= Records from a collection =
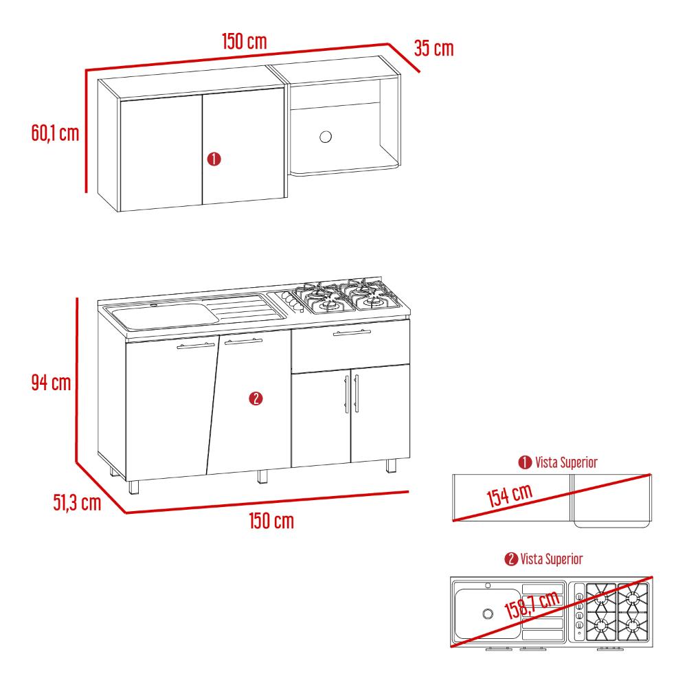 Cocina Integral Emilia, Wengue y Fresno Europeo, Incluye Meson Izquierdo
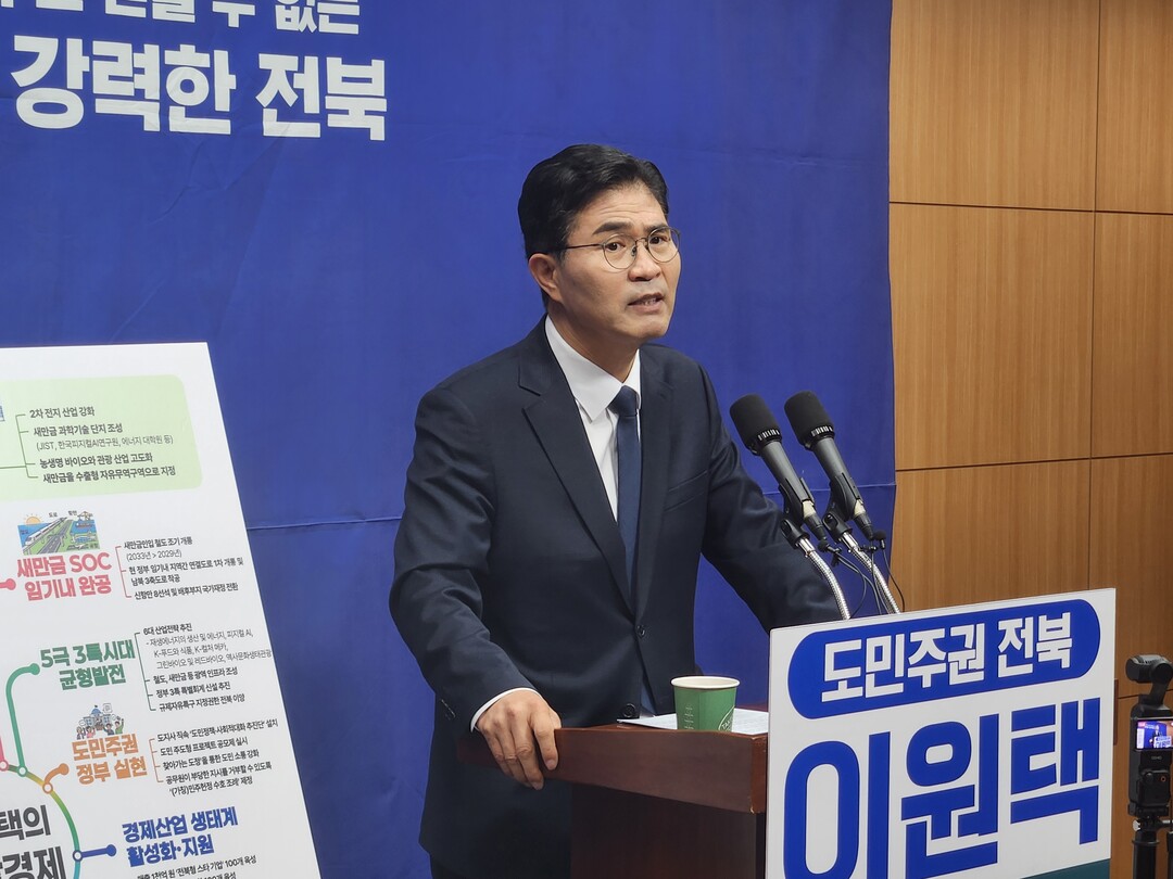 이 후보는 7일 기자회견을 열고 ‘대한민국에서 가장 일 잘하는 전북 만들기 준비서’를 발표하며, 재생에너지 확대와 지역 경제 활성화, 미래 산업 육성 등을 중심으로 한 ‘전북 대전환 7대 프로젝트’를 공개했다.
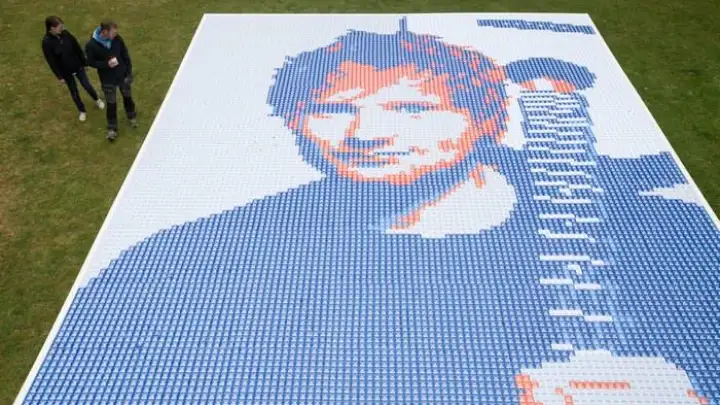 O astro britânico Ed Sheeran recebeu uma obra de arte em sua homenagem para comemorar os três shows esgotados no Wembley Stadium, em Londres, a serem realizados nos dias 10, 11 e 12 de julho.
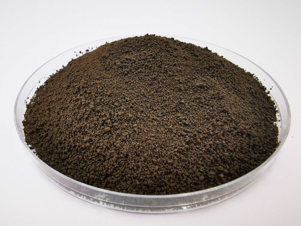 Free L-Aminoacids* 19%, total Nitrogen (N) 6%, water-soluble Boron (B) 0.05%, water-soluble Iron (Fe) 9%, water-soluble Manganese (Mn) 2%, water-soluble Molybdenum (Mo) 0.1%, water-soluble Zinc (Zn) 0.2%. (*Aminoacids obtained by Brevibacterium sp. fermentation of plant proteins).
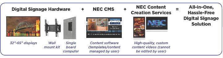 | All Bundles Include: -32" to 65" Digital Display -Wall Mount Bracket Kit -Single Board Computer -Ultrablok Surge Suppressor -Professional Installation -Free NEC CMS Software -2 Hour Content Creation Voucher |
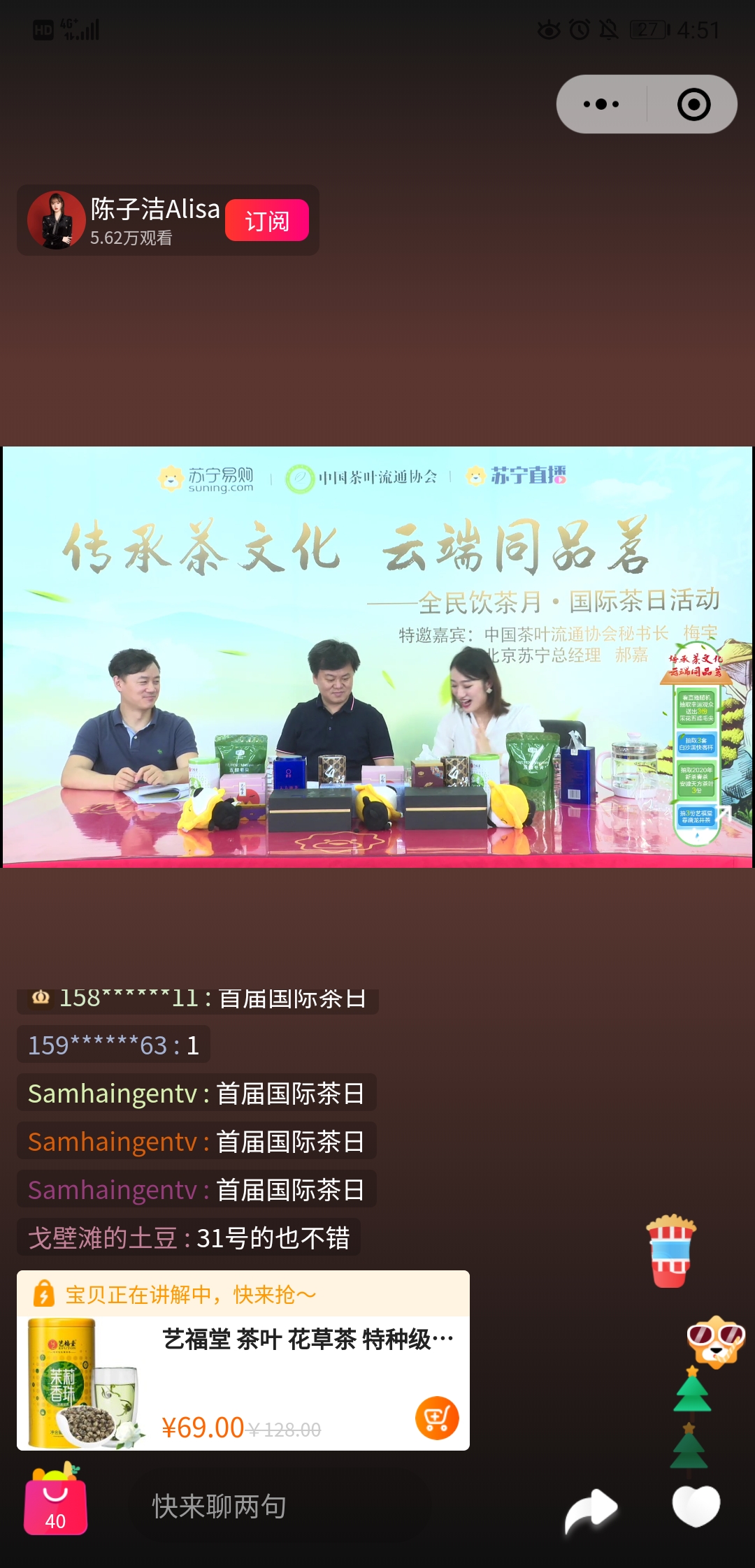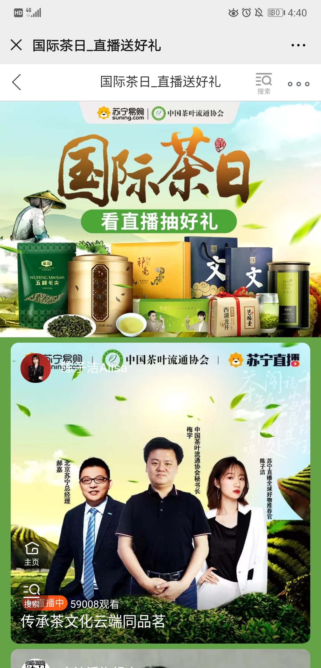 本次为期两天的系列活动是中茶协与苏宁自3月初签署战略合作协议以来的直播首秀。利用“国际茶日”这一契机,按照“中国茶叶营销年”工作方案,发挥苏宁在线上线下领域的优势,采取企业单场品牌推荐与主办方联合专场推荐接力直播的方式,中国茶叶流通协会推荐艺福堂、白沙溪、采花、天方四家品牌企业,参与了5月20日和21日的“全民饮茶月·苏宁521品牌推荐活动”。
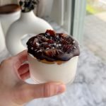 base: 1 cup low fat cottage cheese 1 tbsp nancy’s cream cheese 1/4 cup low fat greek yogurt 1 tsp vanilla bean paste 1 tbsp maple syrup add a splash of milk of choice if needed topping: 1 tbsp runny almond butter coating: 2 tbsp vegan chocolate chips 1/2 tsp coconut oil
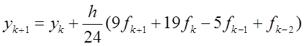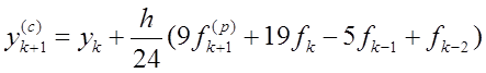 , которое в свою очередь используется в формуле Адамса-Моултона . Таким образом формула Адамса-Моултона “корректирует” корректирует приближение , называемое формулой Адамса-Башфорта .
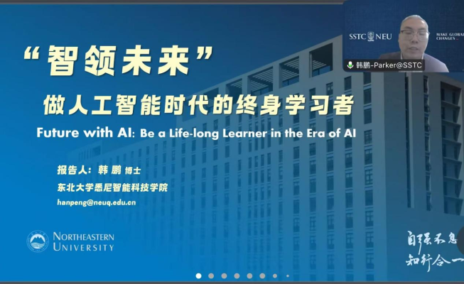 为对接教育数字化转型需求,深化跨文化学术交流,2025年11月27日,学院特邀东北大学悉尼智能科技学院韩鹏老师做主题讲座。讲座以“‘智领未来’——做人工智能时代的终身学习者”为题,聚焦人工智能为代表的新技术如何重塑社会。本次讲座由闫屹院长主持。闫屹院长在开场白中指出,人工智能正深刻变革高等教育领域,师生需主动适应技术浪潮,并援引教育部部长怀进鹏的文章观点,强调AI与大数据在教育数字化转型中的核心作用。
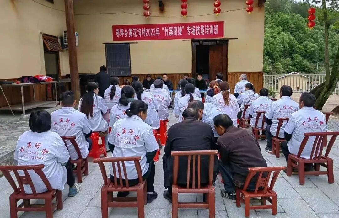 近日,鄂坪乡黄花沟村的一家特色农家小院内,数十名身着厨师服的村民正专心致志地倾听厨艺大师讲解烹饪技巧,不时传出阵阵热烈的掌声。
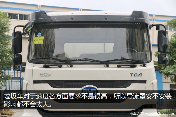压缩式垃圾运输车对于速度各方面要求不是很高,所以基本都不会安装导流罩。上方带有遮阳罩,另外该车后视镜采用多片组合设计,算上主副驾驶室、前照地镜共有六块镜片组合,减少行车盲区,提高安全性。除此之外,该车采用一体式大灯设计,内部集成远、近光灯、雾灯以及转向灯,其中近光灯带有透镜设计。此外牌照下方设有一级踏板,保险杠下方则设有防钻入大梁。
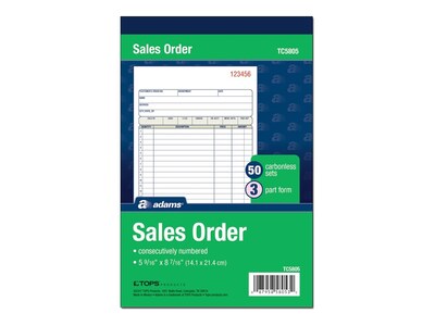 Adams 3-Part Carbonless Sales Orders, 8.44"L x 5.56"W, 50 Sets/Book (TC5805)
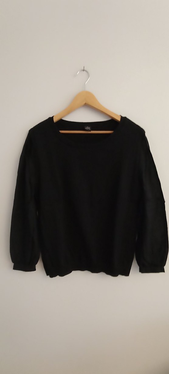 Siyah kotton kumaştan, yuvarlak yakalı, uzun kollu ve bol kesim kadın kazak. Kolları şeffaf ince kumaştır. Bluzun etek uçları hafif simlidir ve yanları yırtmaçlıdır. Minimalist ve gotik tarzıyla günlük kullanıma uygundur.

= Exercise directions =
Exactly the lines from the line with "为对接教育数字化转型需求,深" through the end of the data are to be reproduced, and no picture is to be included.

= Answer space =
 为对接教育数字化转型需求,深化跨文化学术交流,2025年11月27日,学院特邀东北大学悉尼智能科技学院韩鹏老师做主题讲座。讲座以“‘智领未来’——做人工智能时代的终身学习者”为题,聚焦人工智能为代表的新技术如何重塑社会。本次讲座由闫屹院长主持。闫屹院长在开场白中指出,人工智能正深刻变革高等教育领域,师生需主动适应技术浪潮,并援引教育部部长怀进鹏的文章观点,强调AI与大数据在教育数字化转型中的核心作用。
 近日,鄂坪乡黄花沟村的一家特色农家小院内,数十名身着厨师服的村民正专心致志地倾听厨艺大师讲解烹饪技巧,不时传出阵阵热烈的掌声。
压缩式垃圾运输车对于速度各方面要求不是很高,所以基本都不会安装导流罩。上方带有遮阳罩,另外该车后视镜采用多片组合设计,算上主副驾驶室、前照地镜共有六块镜片组合,减少行车盲区,提高安全性。除此之外,该车采用一体式大灯设计,内部集成远、近光灯、雾灯以及转向灯,其中近光灯带有透镜设计。此外牌照下方设有一级踏板,保险杠下方则设有防钻入大梁。
 Adams 3-Part Carbonless Sales Orders, 8.44"L x 5.56"W, 50 Sets/Book (TC5805)
 Siyah kotton kumaştan, yuvarlak yakalı, uzun kollu ve bol kesim kadın kazak. Kolları şeffaf ince kumaştır. Bluzun etek uçları hafif simlidir ve yanları yırtmaçlıdır. Minimalist ve gotik tarzıyla günlük kullanıma uygundur.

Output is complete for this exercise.